[Exercise details] Quote, word for word, only the lines running from the line with "Organitzada conjuntament pel" through the end of the listing. Leave out the pictures.

[Given material]
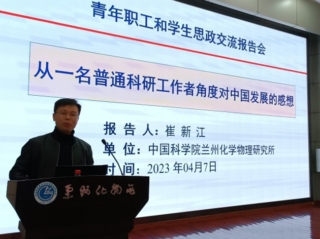 為深入貫徹落實(shí)習(xí)近平新時(shí)代中國(guó)特色社會(huì)主義思想和黨的二十大精神,進(jìn)一步加強(qiáng)青年職工和學(xué)生思想政治教育,4月7日,中國(guó)科學(xué)院蘭州化學(xué)物理研究所舉辦了青年職工和學(xué)生思想政治教育輔導(dǎo)報(bào)告會(huì),邀請(qǐng)研究所兩位青年科研骨干作報(bào)告,青年職工和學(xué)生360余人參加報(bào)告會(huì)。
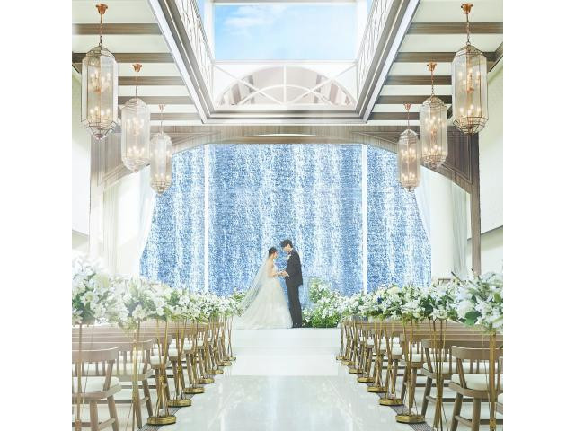 【24年9月リニューアルのチャペル『カロレ』】”ぬくもり”をコンセプトに想いを紡ぐ時間に。水・光・緑の自然と調和した空間が感動のひと時を演出。天窓から差し込む自然光がおふたりの誓いを優しく見守ります。
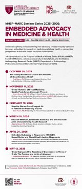Organitzada conjuntament pel Programa d'Història, Ètica i Política Mèdica (MHEP), Facultat de Medicina, Universitat Americana de Beirut (AUB), i pel Centre de Recerca en Antropologia Mèdica (MARC), Departament d'Antropologia, Filosofia i Treball Social, Universitat Rovira i Virgili (URV).
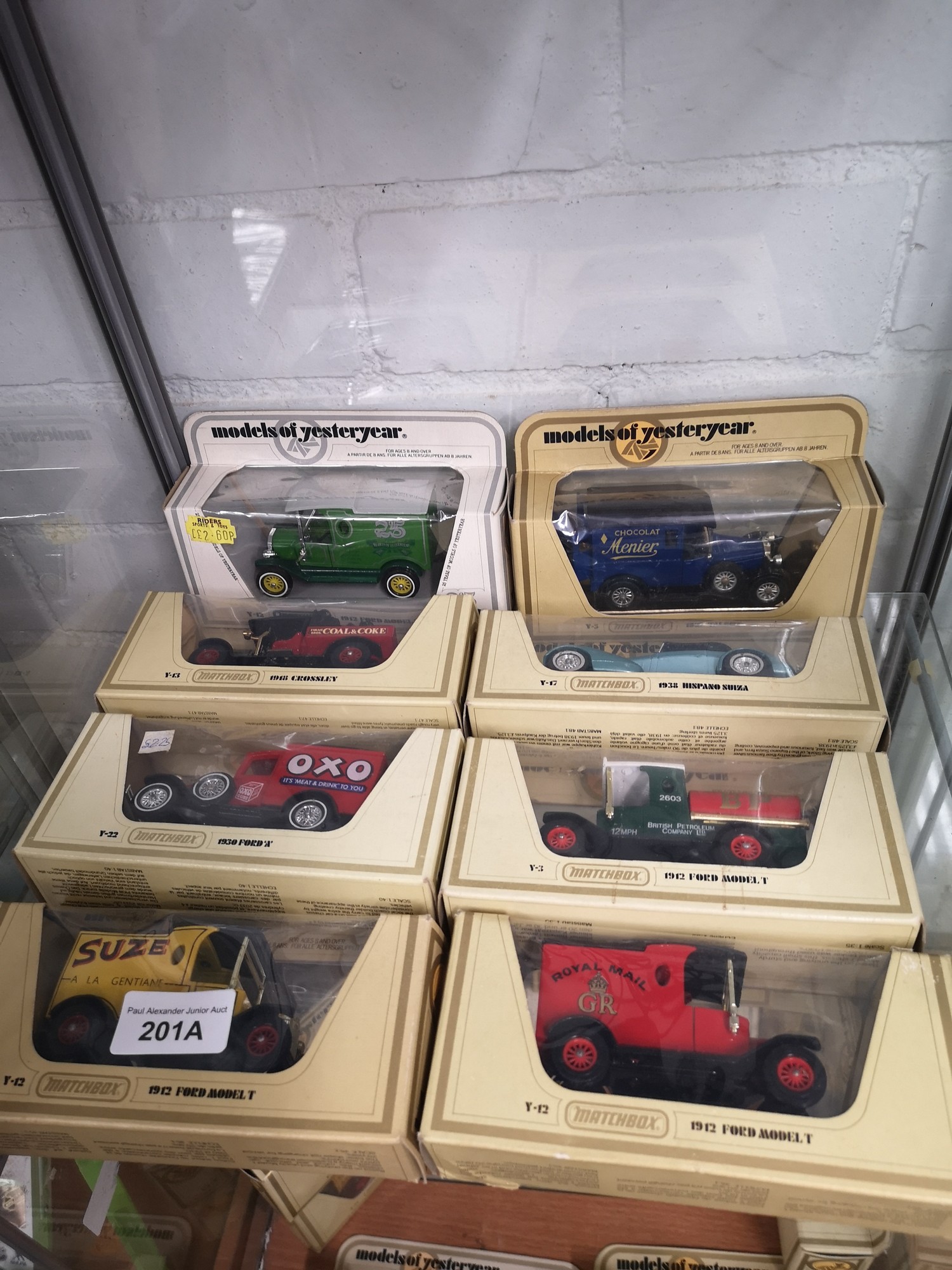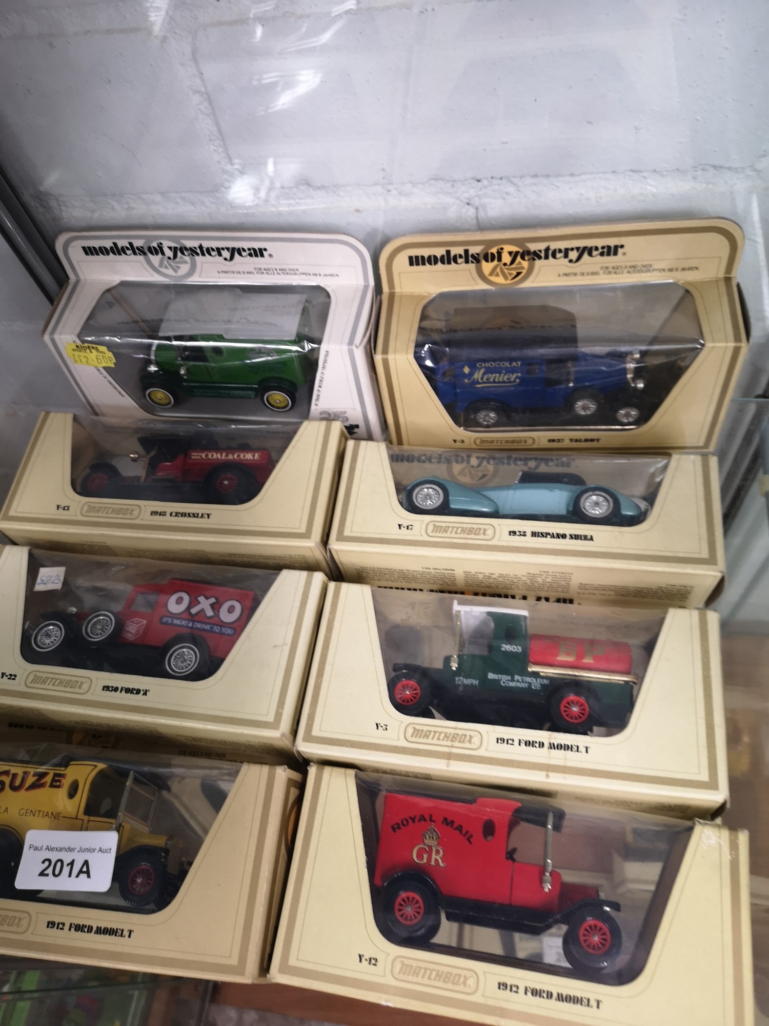 Shelf of matchbox yesteryear models.

[Solved exercise]
Organitzada conjuntament pel Programa d'Història, Ètica i Política Mèdica (MHEP), Facultat de Medicina, Universitat Americana de Beirut (AUB), i pel Centre de Recerca en Antropologia Mèdica (MARC), Departament d'Antropologia, Filosofia i Treball Social, Universitat Rovira i Virgili (URV).
 Shelf of matchbox yesteryear models.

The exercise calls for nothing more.